[Records shown]

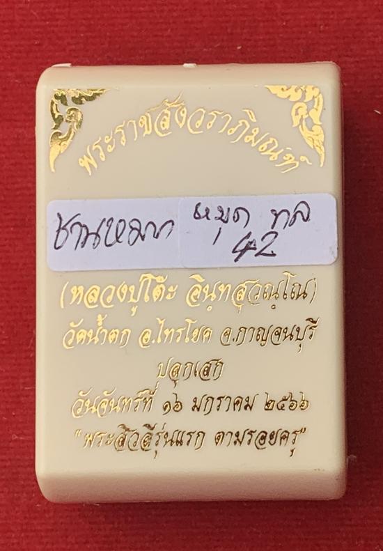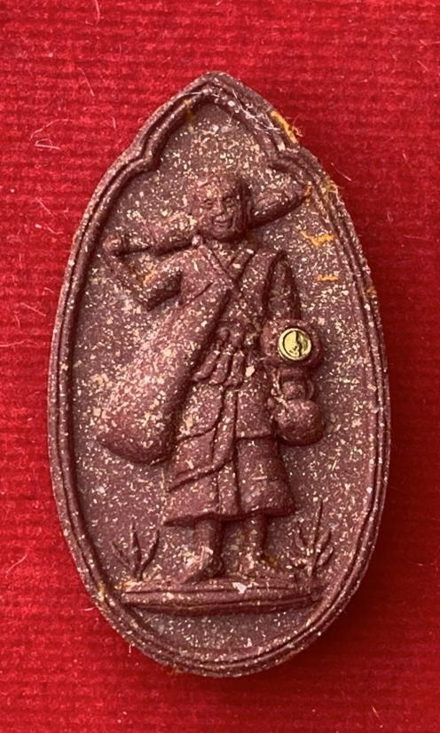 พระสิวลีตามรอยครู รุ่นแรก หลวงพ่อแอ่ม วัดน้ำตก จ.กาญจนบุรี เนื้อชานหมากหมุดทองเหลือง หมายเลข 42
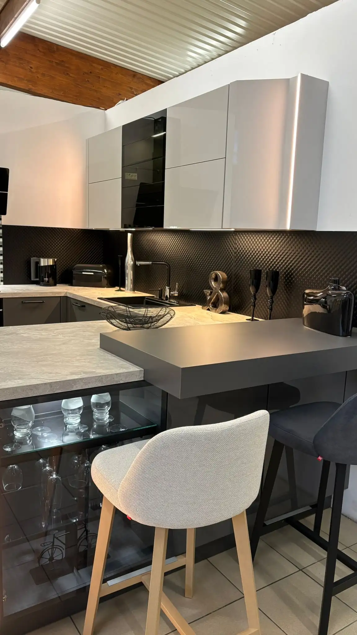 - Dwukolorowy Design: Kuchnia łączy w sobie elegancką biel z nowoczesną szarością, co nadaje wnętrzu lekkości i modnego stylu.
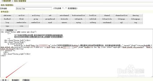 点击打开默认模版后,这里有很多模版,我们找到名叫footer.htm的选项,然后点击后面的编辑按钮,如下图所示。
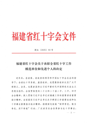日前,福建省红十字会正式印发《福建省红十字会关于表彰全省红十字工作模范单位和先进个人的决定》(闽红〔2025〕60号),我校红十字会凭借在红十字事业领域的扎实实践与突出成效,成功获评“福建省红十字工作模范单位”。
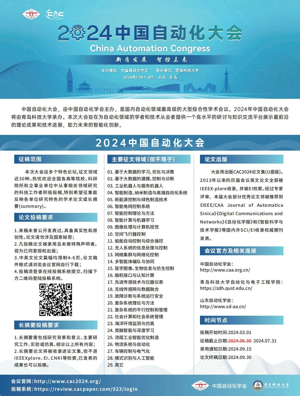 2024中国自动化大会将为全球自动化、信息与智能科学领域的专家学者和产业界的同仁提供展示创新成果、展望未来发展的高端学术平台,加强不同学科领域的交叉融合,引领自动化、信息与智能科学与技术的发展。
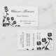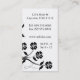 Faites la promotion de votre entreprise grâce à ce design carte de visite séduisant, avec un arrière - plan blanc simple orné de fleurs onyx sur une vigne. Le texte personnalisable vous permet de modifier les polices, de modifier les couleurs et les tailles du texte pour mieux refléter votre entreprise. Convient aux commerces de détail, de consultation et d'art.
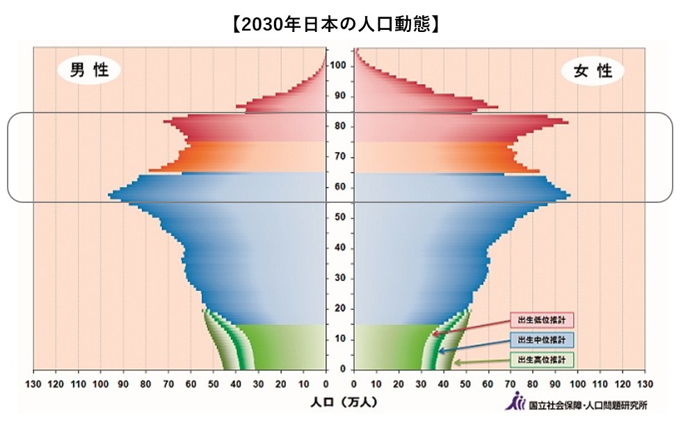 65歳以上の市場 国立社会保障・人口問題研究所の予測によると、2030年には日本の総人口の約30.8%(3,716万人)が65歳以上になります。また、60歳前後の団塊ジュニア世代も含めると、非常に大きなマーケットになります。必ずしも消費支出が増えるとは限りませんが、5年後のこの世代はSNSやデジタル操作に抵抗が少なく、PC・スマホでの情報収集や購入が日常化している層が多く含まれます。約3,000万人を超える市場を視野に入れ、新規参入も含めて準備を進めたいところです。
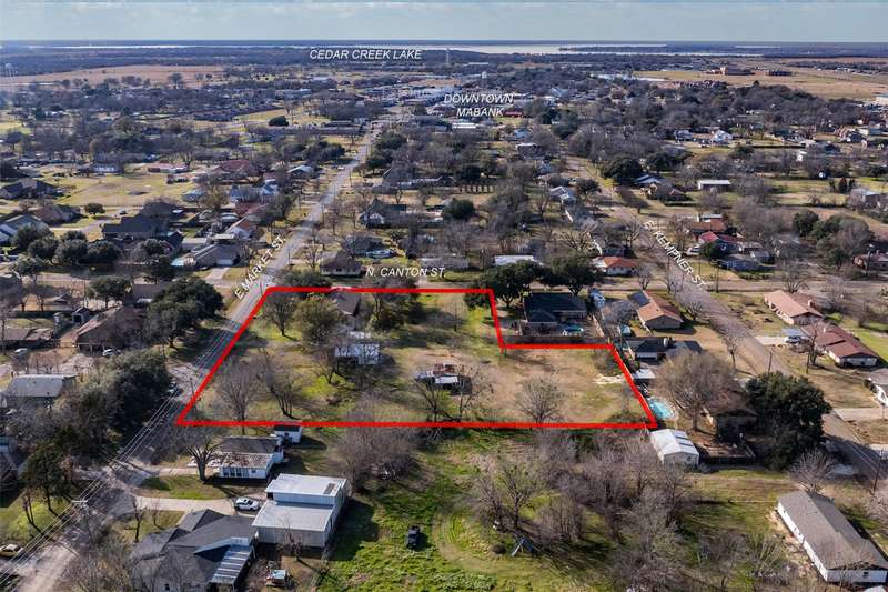 Prime location with endless possibilities! This 4 bedroom 2 bath home is located in the heart of Mabank, both a thriving and growing community! This spacious home offers updated texture, paint, and gorgeous hardwood flooring throughout. Nice size eat in kitchen with separate dining area. Generous sized bedrooms and baths. Multiple covered porches with one offering a ramp for handicap accessibility. The property consists of 1.96 acres and offers plenty of space for future development and gardening. Plenty of storage offered on the property with a 12x12 workshop with electricity and roll up door, a metal storage building with an attached carport, and one additional outbuilding-metal shed. The three carports on the property offer covered parking for up to 6 vehicles. This is a rare opportunity to own a home on acreage in downtown Mabank!
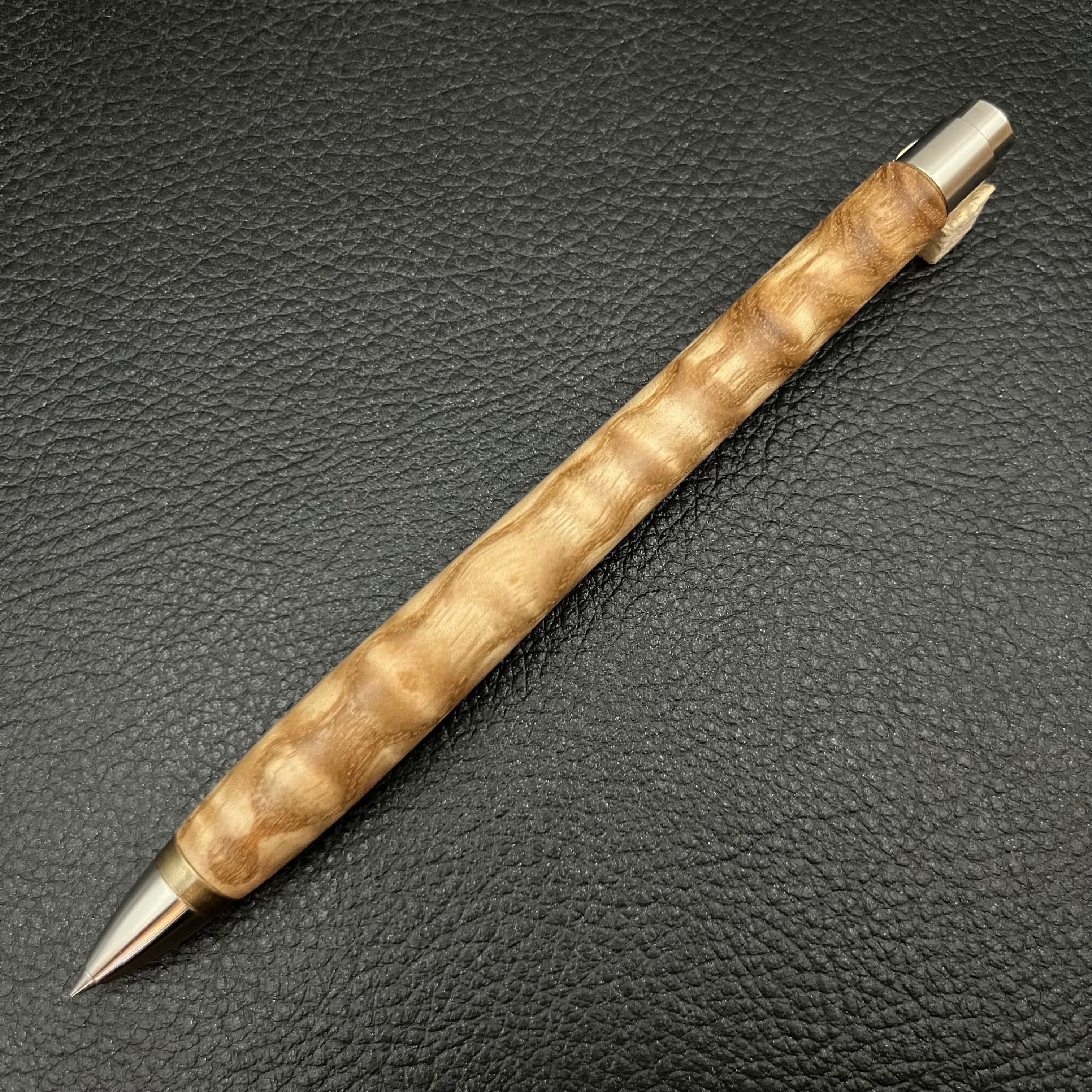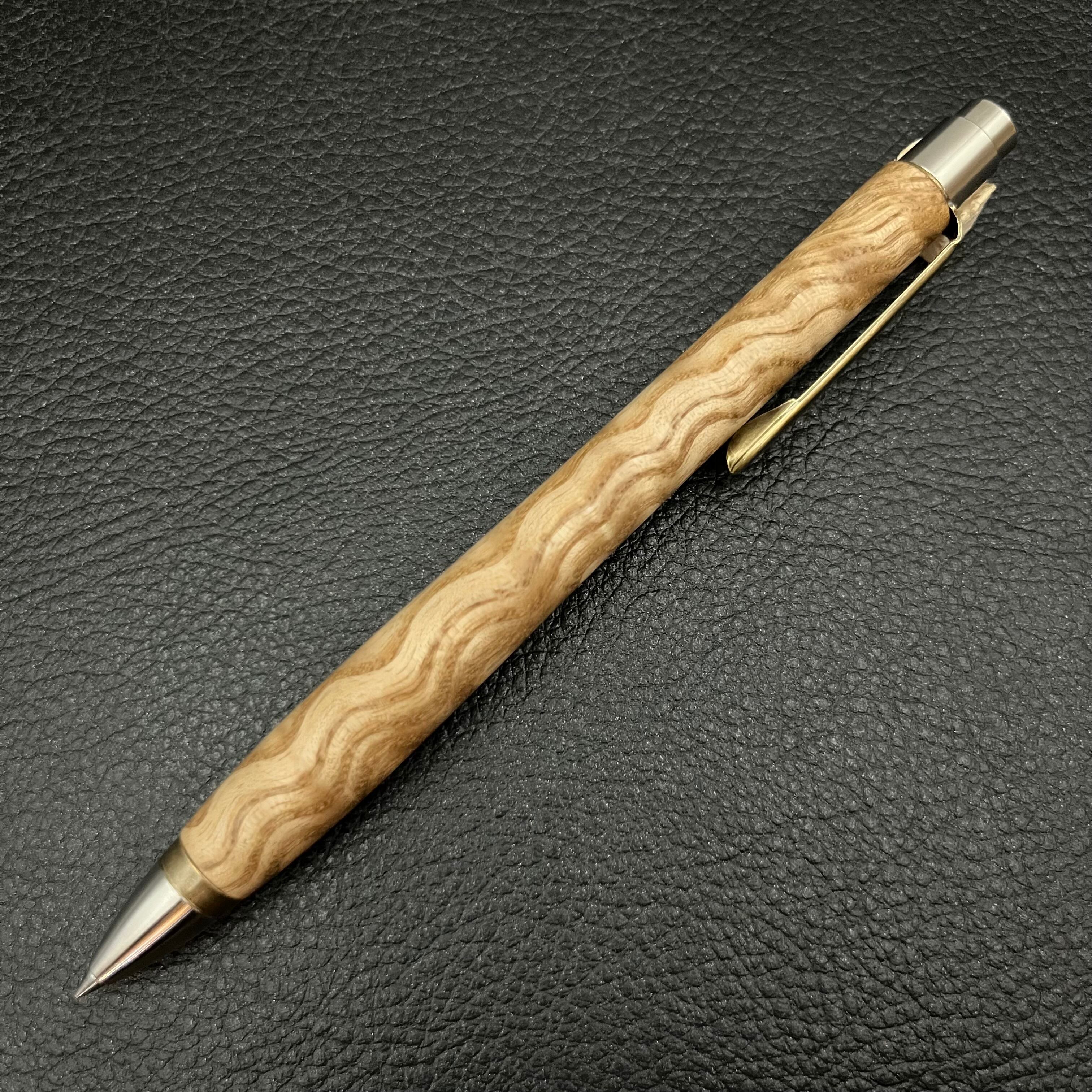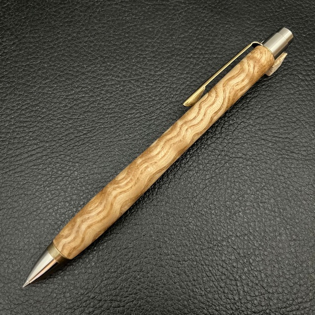 ボールペンのノックシステムは、ドイツ最高のクリックメカニズムを採用してあります。このメカニズムはユニークな機構のため、クリックしたときのカチカチ音が静かで、どんな場所でも気兼ねなく使うことができます。滑らかに動くこのプッシュ感覚を一度味わうと他には戻れなくなってしまうほどの魅力があります。 100分の1単位の加工精度で削り出されたペン先は、軸ブレも全くありません。

[/Records shown]

Restate word for word only the lines that run from the line holding "65歳以上の市場 国立社会保" to the end of the data, both ends kept, leaving every picture out.

Solution below:
 65歳以上の市場 国立社会保障・人口問題研究所の予測によると、2030年には日本の総人口の約30.8%(3,716万人)が65歳以上になります。また、60歳前後の団塊ジュニア世代も含めると、非常に大きなマーケットになります。必ずしも消費支出が増えるとは限りませんが、5年後のこの世代はSNSやデジタル操作に抵抗が少なく、PC・スマホでの情報収集や購入が日常化している層が多く含まれます。約3,000万人を超える市場を視野に入れ、新規参入も含めて準備を進めたいところです。
 Prime location with endless possibilities! This 4 bedroom 2 bath home is located in the heart of Mabank, both a thriving and growing community! This spacious home offers updated texture, paint, and gorgeous hardwood flooring throughout. Nice size eat in kitchen with separate dining area. Generous sized bedrooms and baths. Multiple covered porches with one offering a ramp for handicap accessibility. The property consists of 1.96 acres and offers plenty of space for future development and gardening. Plenty of storage offered on the property with a 12x12 workshop with electricity and roll up door, a metal storage building with an attached carport, and one additional outbuilding-metal shed. The three carports on the property offer covered parking for up to 6 vehicles. This is a rare opportunity to own a home on acreage in downtown Mabank!
 ボールペンのノックシステムは、ドイツ最高のクリックメカニズムを採用してあります。このメカニズムはユニークな機構のため、クリックしたときのカチカチ音が静かで、どんな場所でも気兼ねなく使うことができます。滑らかに動くこのプッシュ感覚を一度味わうと他には戻れなくなってしまうほどの魅力があります。 100分の1単位の加工精度で削り出されたペン先は、軸ブレも全くありません。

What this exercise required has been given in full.